The organization’s scope of operations in goods, services, and the market is identified from the mission statement. Strategic goals are the results or benchmarks associated with success factors (Ginter et al., 2018). Lastly, the organization’s core values are the fundamental guiding principles that shape its culture amongst its members and stakeholders. On the contrary, strategic alternatives are the intellectual curiosity of gathering, organizing, and analyzing information accompanied by the willingness to be and remain open to creative thoughts, ideas, and solutions that last in the long term.

Asian Health Services (AHS) has multiple directional strategies and strategic alternatives available for various organizational uses. According to the case, AHS’s mission is to advocate for the medically unserved and ensure equality in providing and access to adequate healthcare services to everyone in the Asian community, including refugees and immigrants regardless of their culture, language, insurance status, and income. It is driven by the inadequacy of healthcare services in the Asian community and other societies. For example, Obamacare, popularly known as the Affordable Care Act, requires all legal Americans to have healthcare coverage (Chung & Chin, 2015).

AHS’s vision is to improve healthcare quality and promote health equity in Asia. The organizational value is to remain a not-for-profit operation. The AHS’s strategic goal is to strive to successfully adjust to the changing demographics, the free market economy, and the consumers’ preferences. AHS’s primary strategies include acquiring new electronic healthcare records, establishing an AHS care model, initiating extensive clinical education campaigns, and strengthening stakeholder bonds.

Selected Strategies

First, the new healthcare records would be connected with Obama’s Affordable Care Act policies to ensure compliance. It would help mission pursuit by facilitating easy and equal treatment of patients regardless of the third nationality, culture, language, insurance status, and income (Kimberly et al., 2014).
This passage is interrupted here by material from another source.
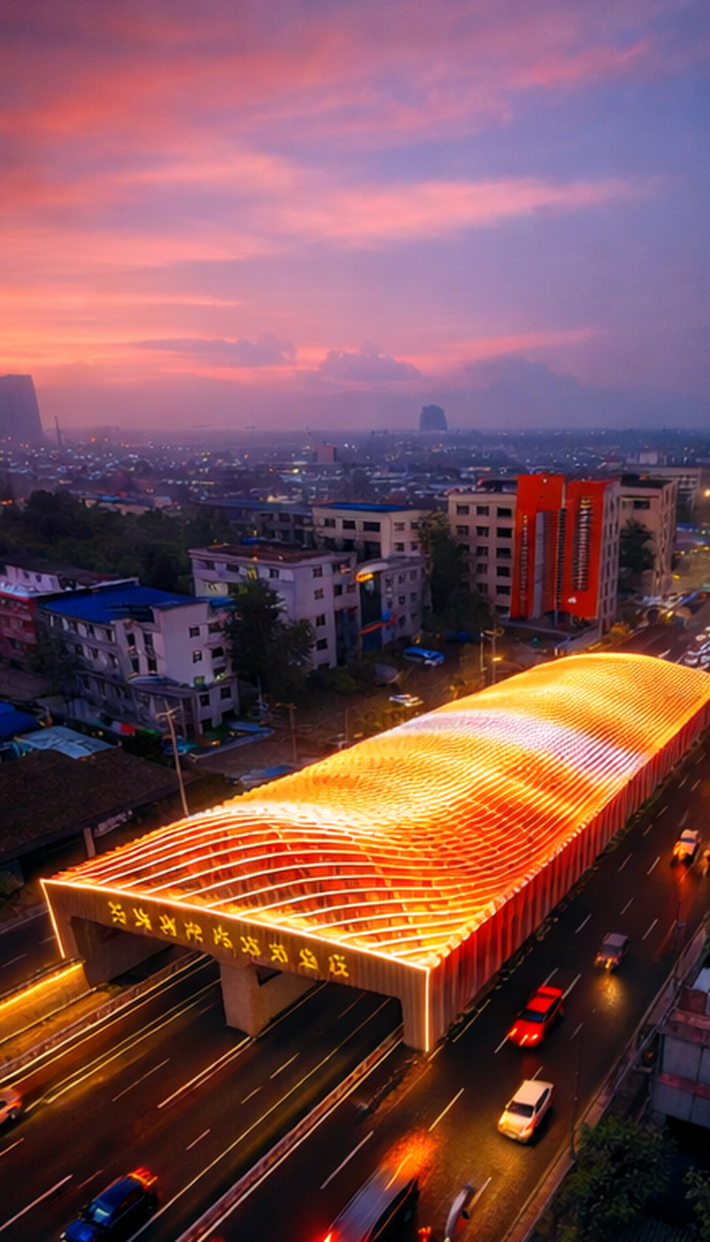 A mesh LED display is a lightweight, open-structure digital display system designed to mount across building exteriors and architectural features. Because the pixels are spaced apart, the display can look “see-through” from many angles while still delivering bold visuals from viewing distances. Therefore, it’s ideal for media facades, canopies, and large-scale outdoor branding.

Secondly, the new AHS care model would involve recruiting nurses, physicians, case managers, health coaches, mental health specialists, and counselors. The team must have the stated core values and focus on improving the patient’s overall health to achieve AHS’s mission, vision, and goals.

Thirdly, AHS would initiate clinical education through healthcare and disease prevention experts. A good example is the plan to use the teamlet model to train medical assistants (Wilkinson et al., 2017). For the last strategy to strengthen shareholders, AHS would connect it to its goals, vision, and mission through active involvement of patients in the healthcare staff and the entire Asian community in the frontline in running and improving the healthcare systems. For example, AHS seeks to open up communication and call for employee unions to ally with the management.

Implementation

AHS implemented the selected Strategies and strategic plans through various means that were deemed worthy of the organizational investment. First, the organization began by introducing and treating uninsured patients, launching a primary healthcare revolution, inventing a new delivery system, pushing for accessible health services, primary prevention, comprehensive and patient-centered care. For example, in 2014, eight thousand uninsured patients were treated in the new healthcare model and Act (Le et al., 2017). Other implementation methods included education where the AHS organization used the Teamlet model alongside retraining nurses, hiring, recruiting, developing fresh graduates, and implementing a pilot site for state-level programs.

References

Chung, K., & Chin, W. N. (2015). Asian Health Services: Rediscovering a Blue Ocean. Web.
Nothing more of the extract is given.